*** Opening of Records supplied ***

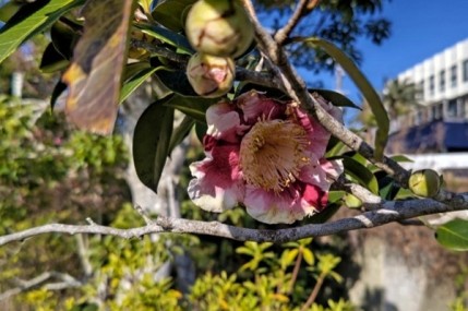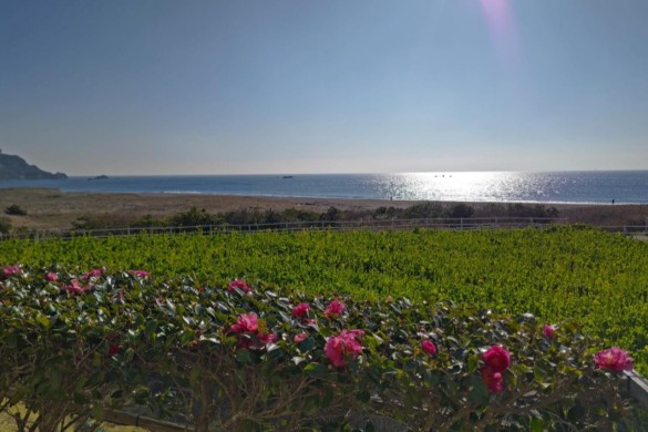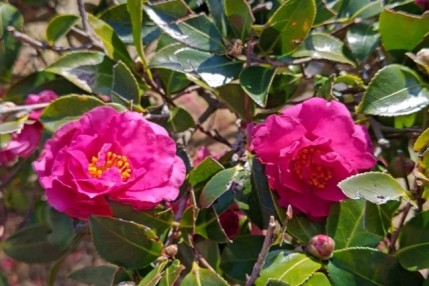 渚の石庭・テラス側の庭など、様々な種類の椿が美しく咲いています。
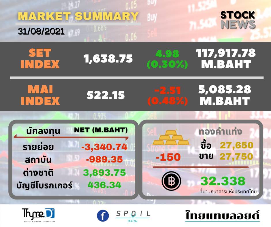 ตลาดหลักทรัพย์ ปิดวันนี้ที่ระดับ 1,638.75 จุด เพิ่มขึ้น 4.98 จุด (+0.30%) มูลค่าการซื้อขาย 117,917.78 ล้านบาท
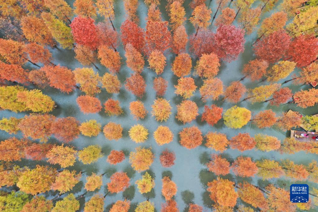這是10月26日拍攝的泗洪洪澤湖濕地景區秋色(無(wú)人機照片)。
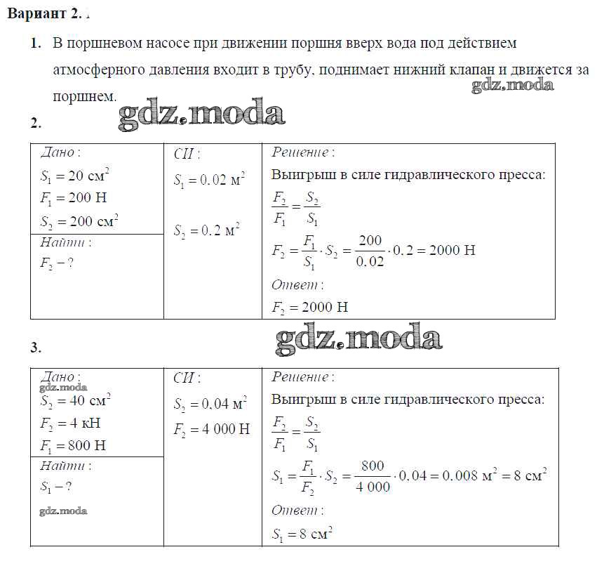 ОТВЕТ на задание № Вар. 2 Контрольные и самостоятельные работы по Физике 7 класс Громцева УМК
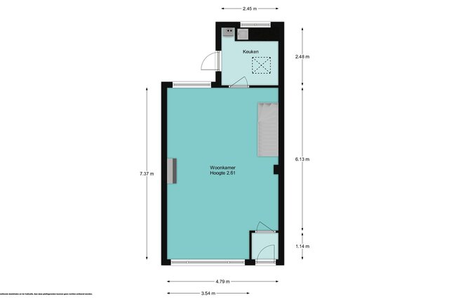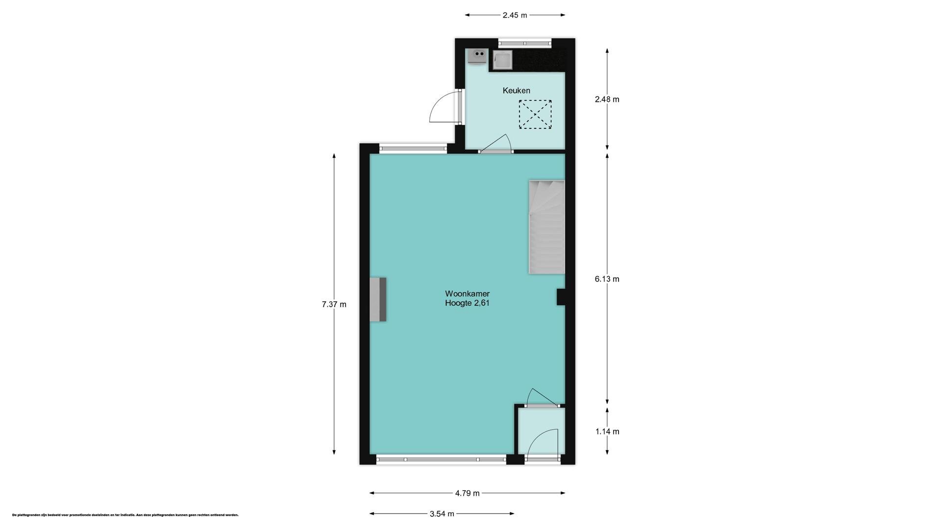 Indeling: entree met garderobe, woonkamer met open haard en houten vloer, trapopgang naar de verdieping.
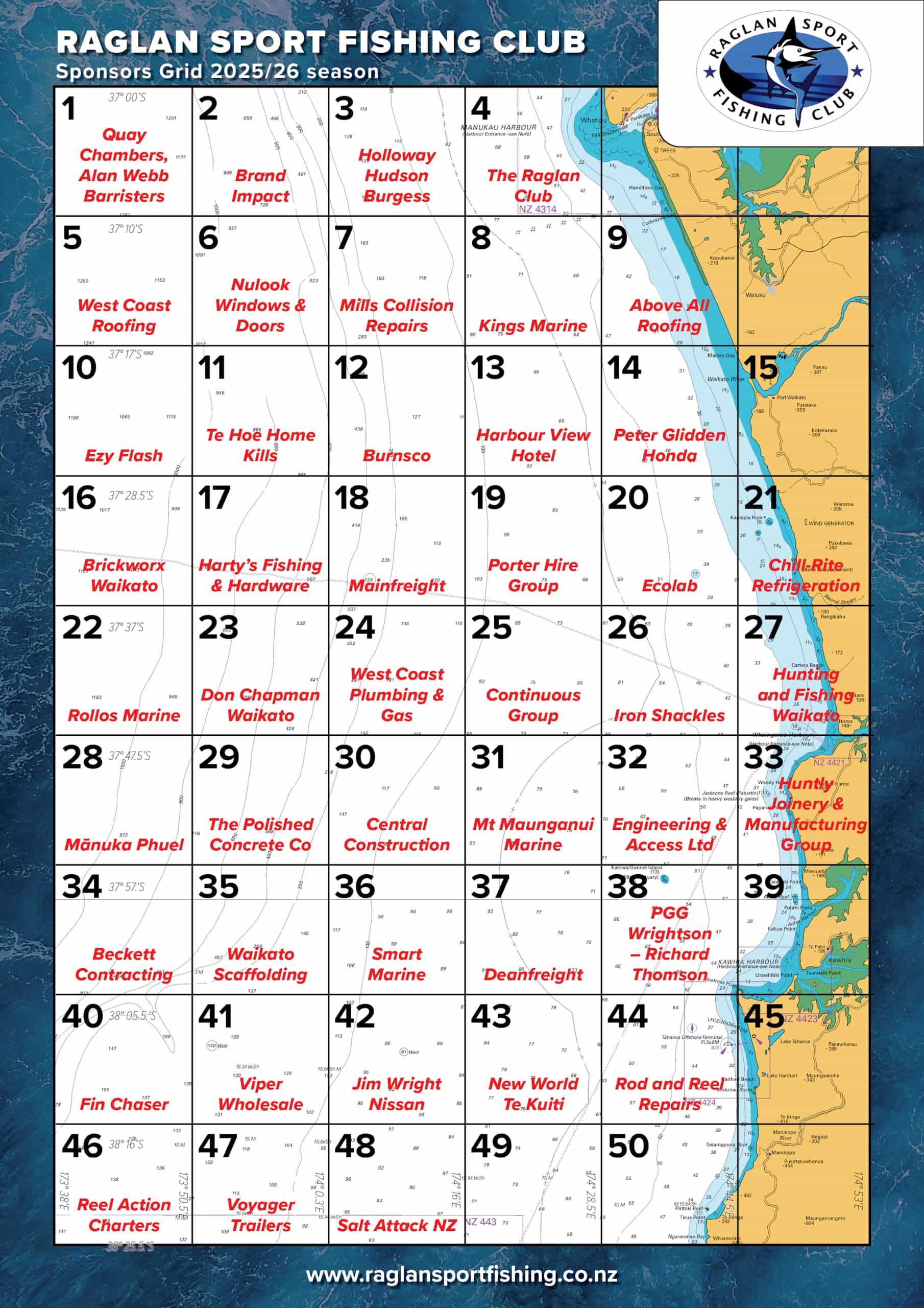 RSFC is a non for profit club (incorporated society) kept alive by the kind support of our sponsors. Some of our sponsors have been onboard with the club for 20+ years however as with the times, they can change too. The sponsors grid is completed annually and if you would like your business to be seen here please email info@raglansportfishing.co.nz for a sponsors prospectus.

*** Close of Records supplied ***

(Task instructions): Retype all the data exactly. Omit pictures.

(Written answer):
 渚の石庭・テラス側の庭など、様々な種類の椿が美しく咲いています。
 ตลาดหลักทรัพย์ ปิดวันนี้ที่ระดับ 1,638.75 จุด เพิ่มขึ้น 4.98 จุด (+0.30%) มูลค่าการซื้อขาย 117,917.78 ล้านบาท
這是10月26日拍攝的泗洪洪澤湖濕地景區秋色(無(wú)人機照片)。
 ОТВЕТ на задание № Вар. 2 Контрольные и самостоятельные работы по Физике 7 класс Громцева УМК
 Indeling: entree met garderobe, woonkamer met open haard en houten vloer, trapopgang naar de verdieping.
 RSFC is a non for profit club (incorporated society) kept alive by the kind support of our sponsors. Some of our sponsors have been onboard with the club for 20+ years however as with the times, they can change too. The sponsors grid is completed annually and if you would like your business to be seen here please email info@raglansportfishing.co.nz for a sponsors prospectus.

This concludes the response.